Promotoras

Promotoras

By-the-People, For-the-People

Promotora (pro-mo-tor-a): community health worker who is rising up to lead, advocate, educate, mentor, and translate health programming in their own community

The Botanical Bus Promotoras are community leaders with deep indigenous knowledge of herbal medicine and nutrition, who partner with holistic health professionals, to organize culturally relevant, bilingual wellness workshops.  

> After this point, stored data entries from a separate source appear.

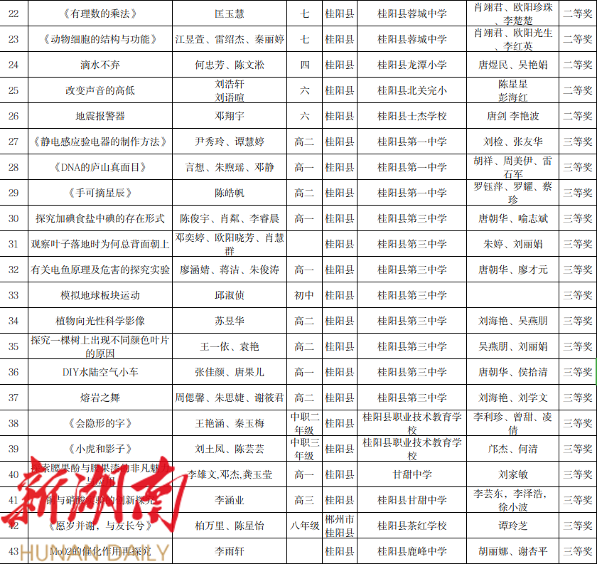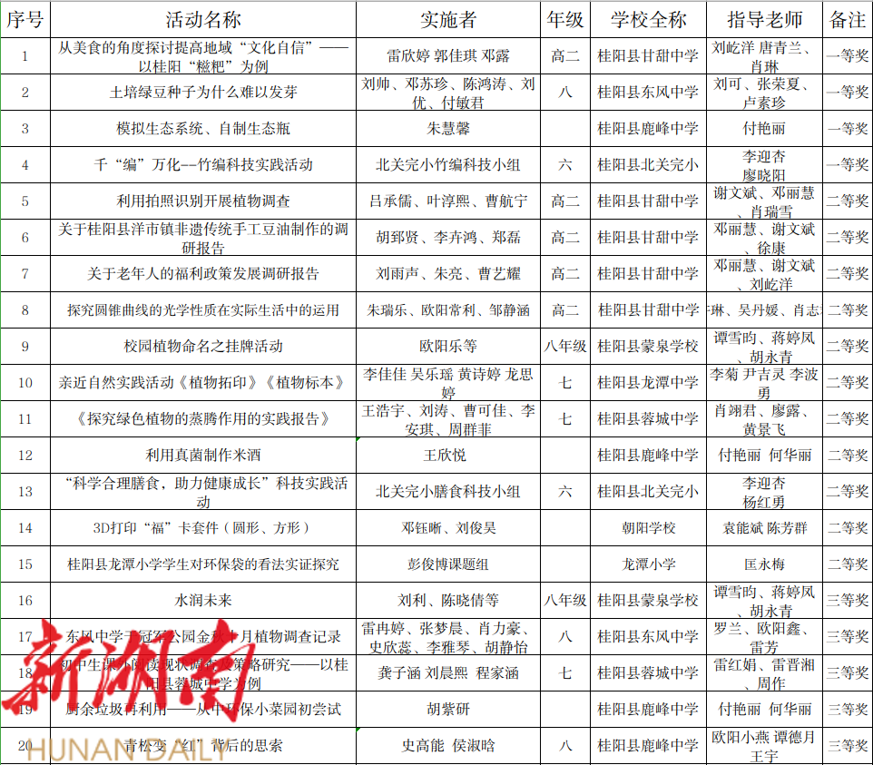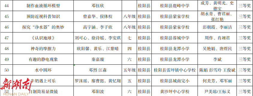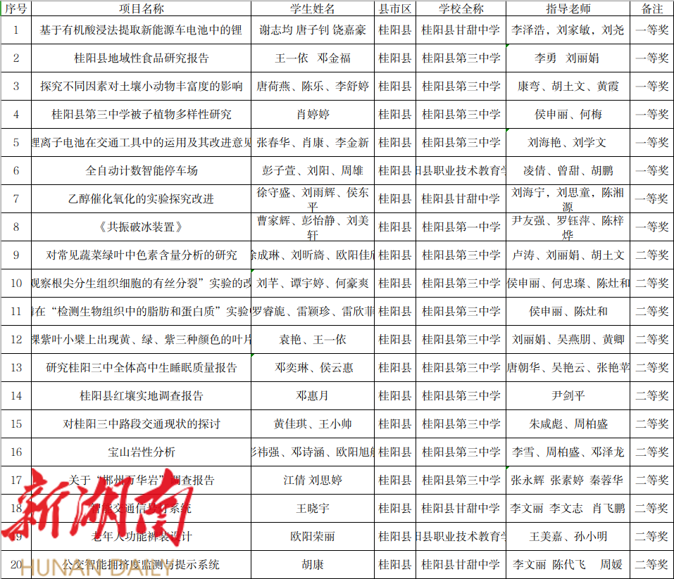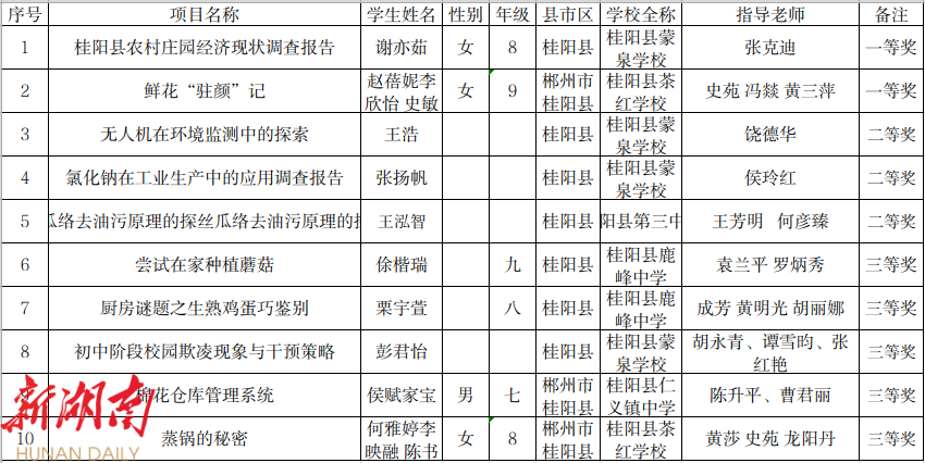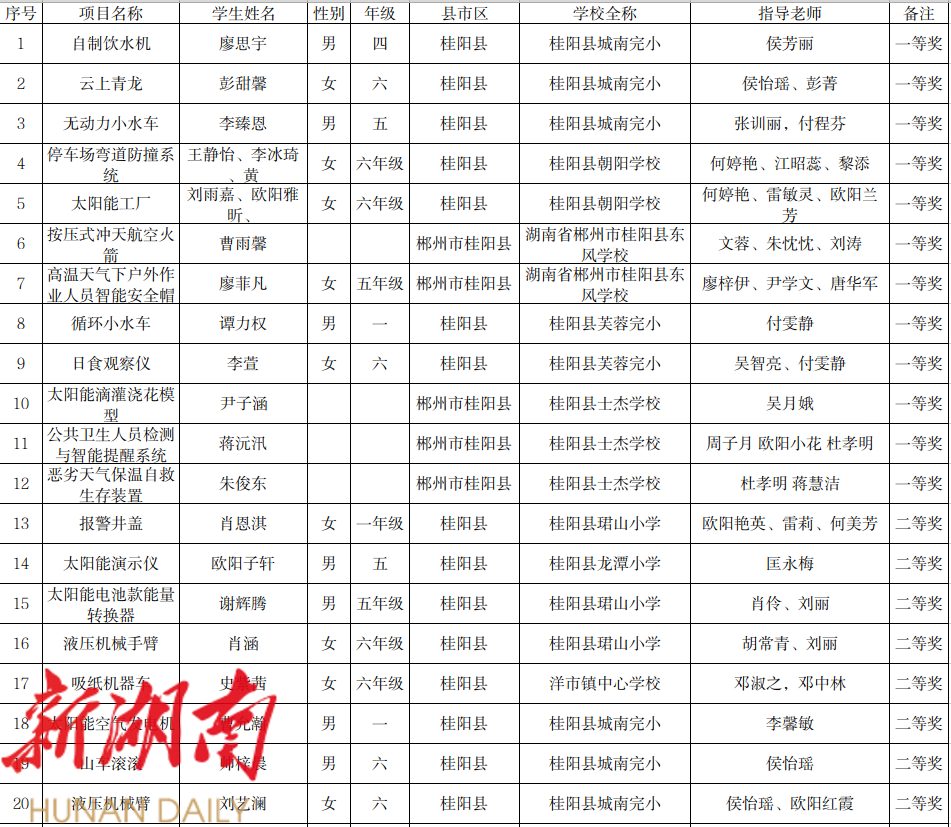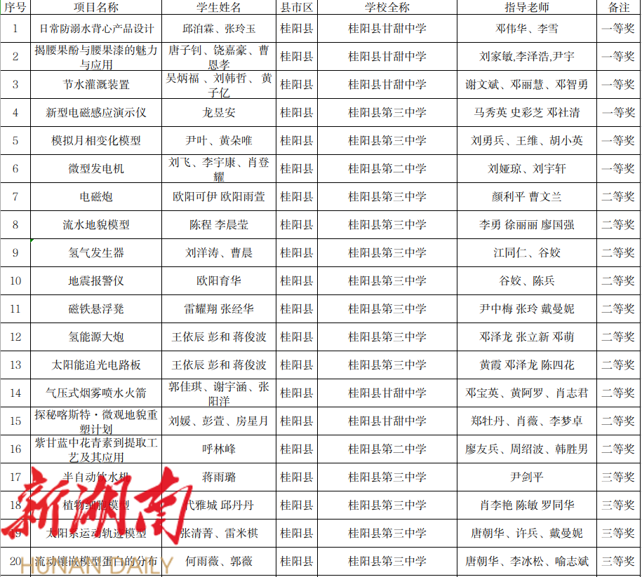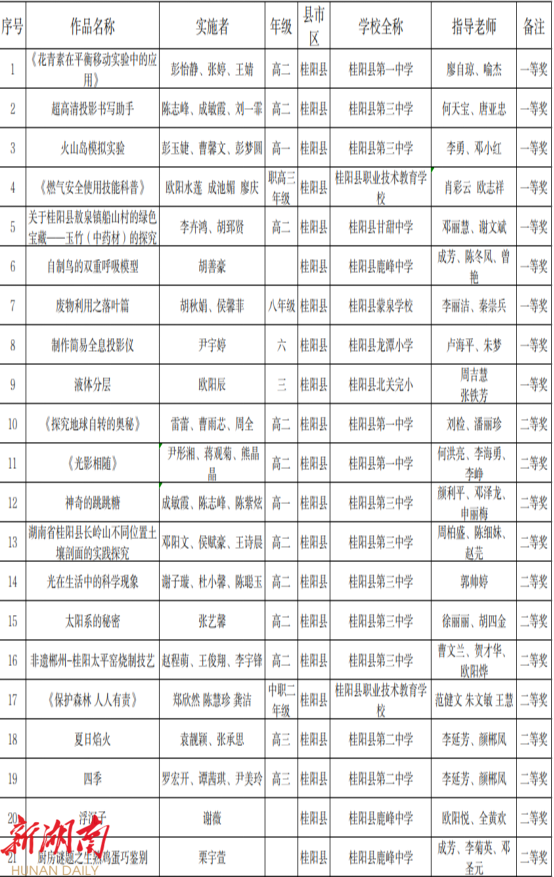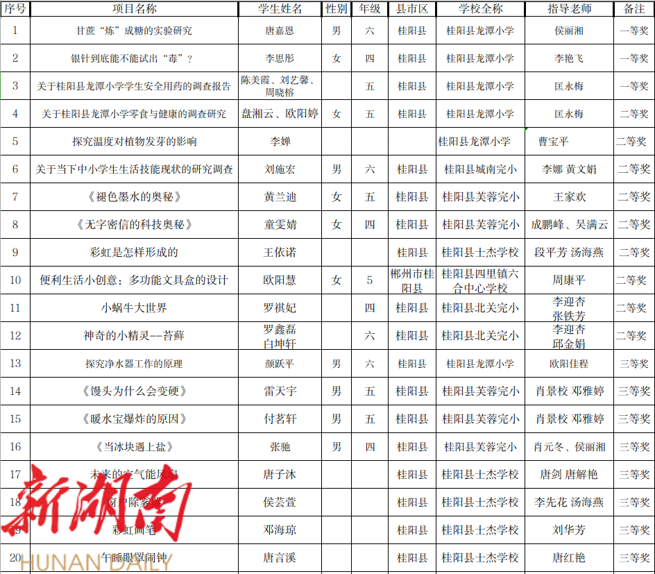 1、第20届桂阳县青少年科技创新大赛实践活动获奖名单
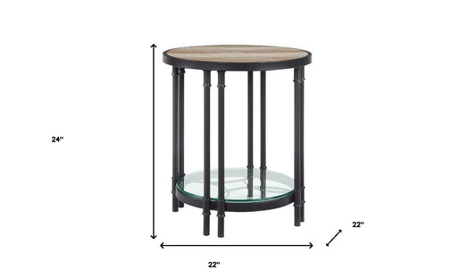 24" Sandy Black And Oak Manufactured Wood And Metal Round End Table With Shelf
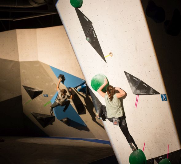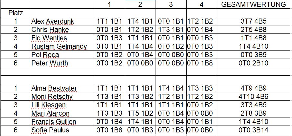 Das deutsche Boulderteam, vertreten durch Alexander Averdunk, Chris Hanke, Florian Wientjes, Peter Würth, Sofie Paulus, Lilli Kiesgen, Alma Bestvater und Monika Retschy sowie internationmalen Stars wie Pol Roca (Spanien), Rustam Gelmanov (Russland), Mari Alarcón und Francis Guillen (beide Spanien), lieferten sich einen spannenden Wettkampf vor vollem Haus.
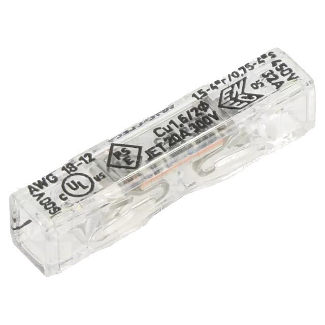 | 221-2401 Клемма строительно-монтажная Внутренний соединитель с рычагами, для всех типов проводников, 12 AWG (макс.): 2-проводник, прозрачный корпус, белая крышка: Температура окружающего воздуха: макс. 85°C (T85), 4.00 мм?: прозрачный
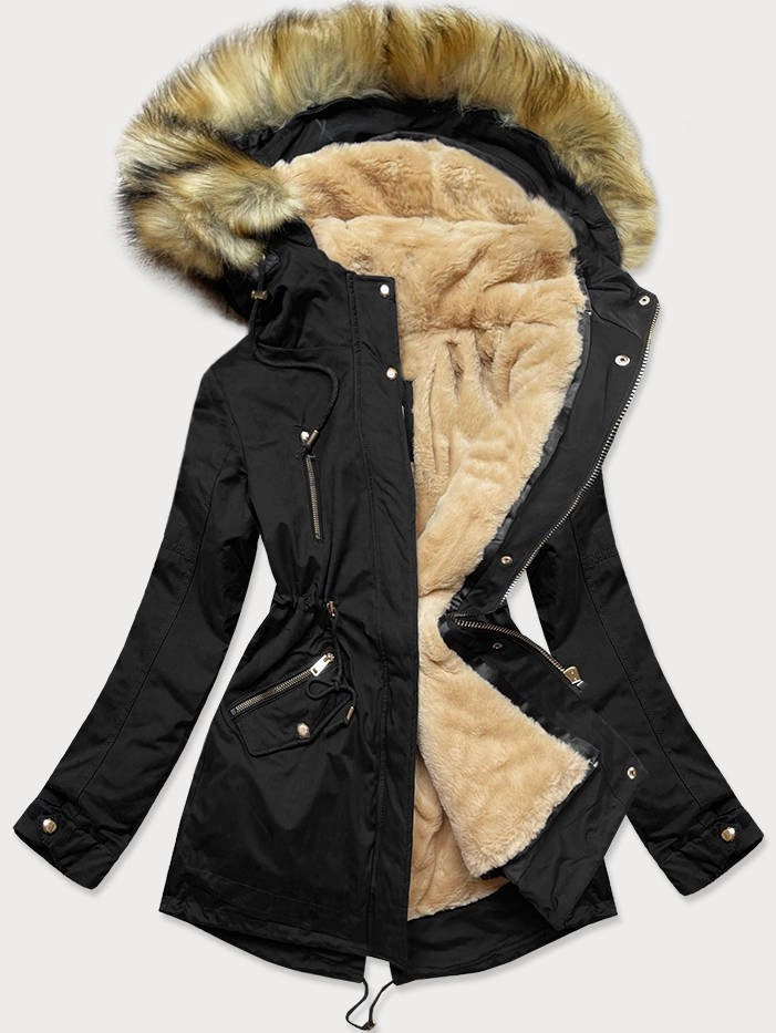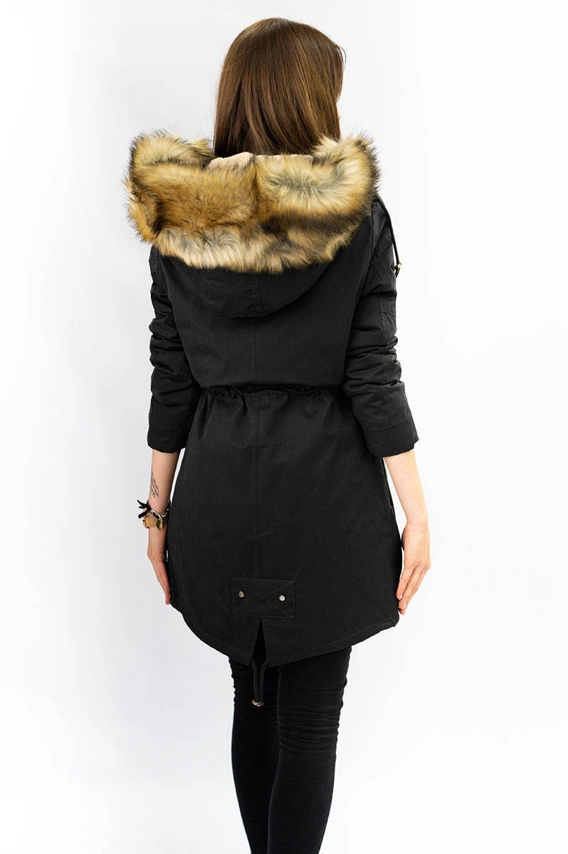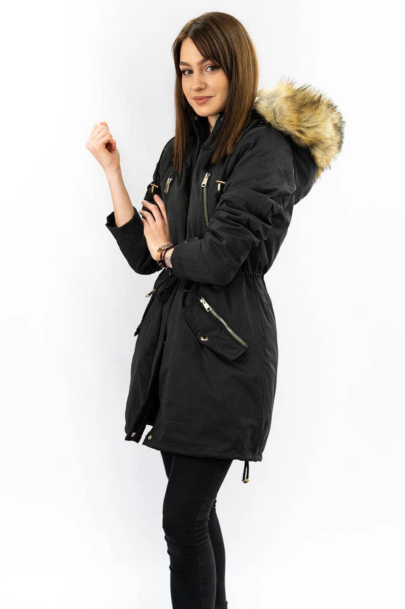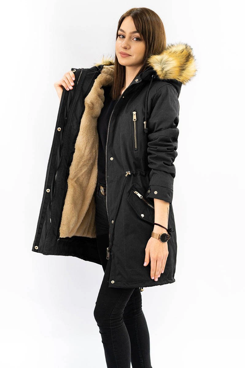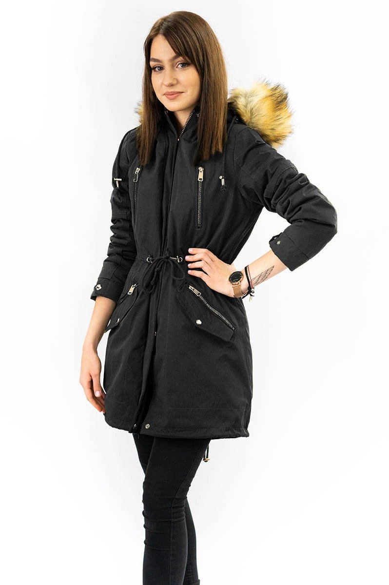 CIEPŁA DAMSKA ZIMOWA PARKA Z PODPINKĄ CZARNA (W168)
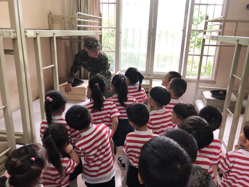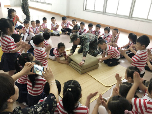 孩子們排著整齊的隊伍,在解放軍叔叔的引領(lǐng)下,走進(jìn)軍營,參觀健身房、裝備室、會議室、俱樂部、寢室和廚房。當(dāng)看到“豆腐塊”一樣的被子、衣柜里整齊的衣服、櫥柜上站軍姿般擺放的物品孩子們贊嘆不已。隨后孩子們有秩序的學(xué)習(xí)體驗疊軍被、站軍姿、敬軍禮,孩子專心致志學(xué)得有模有樣。活動的最后,孩子們?yōu)榻夥跑娛迨鍌儷I(xiàn)上歌曲《小海軍》,為辛苦付出的解放軍叔叔們送上自己制作的花束和蛋糕。
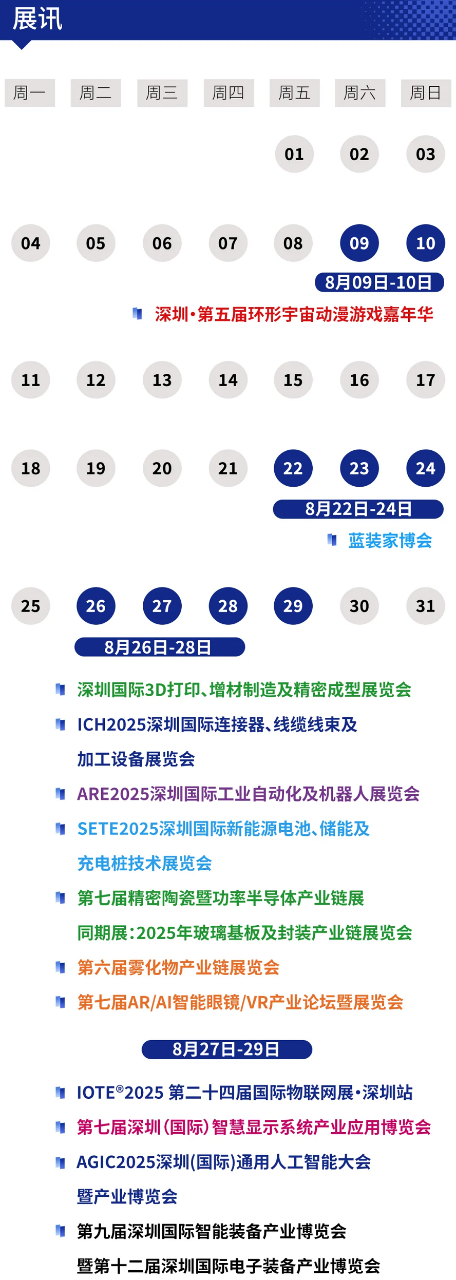 8月26日至28日,深圳3D打印及增材制造展将亮相,展示材料、设备、后处理、终端应用的完整生态链;ICH 2025深圳连接器与线束加工设备展聚焦汽车、电子等核心部件技术。
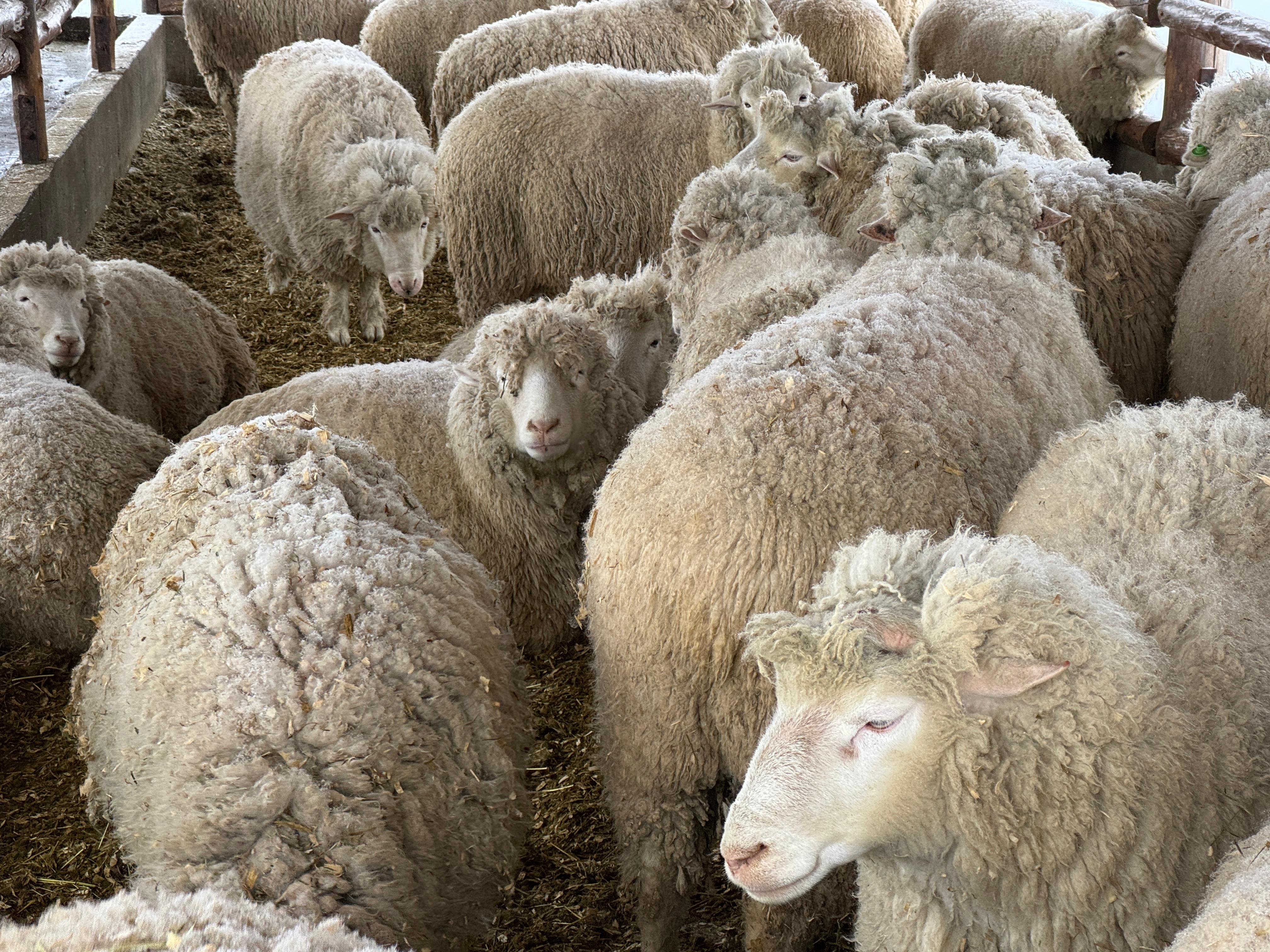 제가 건초 바구니를 들자마자 양들이 보내는 시선이 달라지네요.
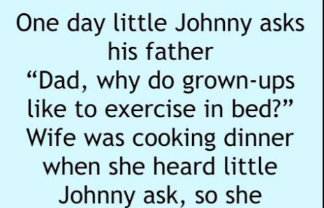 One day little Johnny asks his father “Dad, why do grown-ups like to exercise in bed?”

Our Promotora Program empowers holistic health through the cultivation of community leadership, relationships, and connection to herbal medicine as the medicine of the people.


Meet Lu Lu!

María “LuLu” de Lourdes Péres Centurión was born in Uruapan del Progreso Michoacan, Mexico. She is proud of her Purhepechas and Veracruzanas roots with Oaxacan embers. Maria is a promotora de salud (community health worker), birth doula and massage therapist. She has studied and practiced herbal medicine for over 20-years.  Her practice includes specialization in indigestion; nervous tension; infant cranial therapy; womb and postpartum care.  


Meet Samantha!

Samantha Pérez is mom, daughter to LuLu and community health educator. Samantha is from Mexico and is passionate about connecting with nature. Her focus is self-sustenance based on reducing our environmental impact and learning from the cycles and rhythms of Mother Earth. She specializes in DIY body products: watch for her workshops on making your own shampoo, deodorant, laundry detergent, makeup and more.


Meet Angeles!

Angeles Quiñones is a certified social worker and Promotora de Salud, dedicated to building community health that is connected to the land.   She moved to Santa Rosa in 2004 from Torreón Coahuila, Mexico, where from an early age she learned to heal herself, her friends and family with the plants growing around her.

In 2014 with Land Path’s Bayer Farm, she organized Farming for Health, a bilingual community group that gathers weekly to learn and share recipes and remedies for health from the garden.  She is a certified YWCA domestic violence counselor and worked with the Salvation Army for three years connecting immigrant families to health services. 

The first time she visited Land Paths Bayer Farm in Roseland, Santa Rosa, she cried at the taste of a tomato off the vine.  “It tasted like home.”  Angeles is passionate about connecting people across generations, to the nourishment of the community garden found in nutrition, herbal medicine and friendship.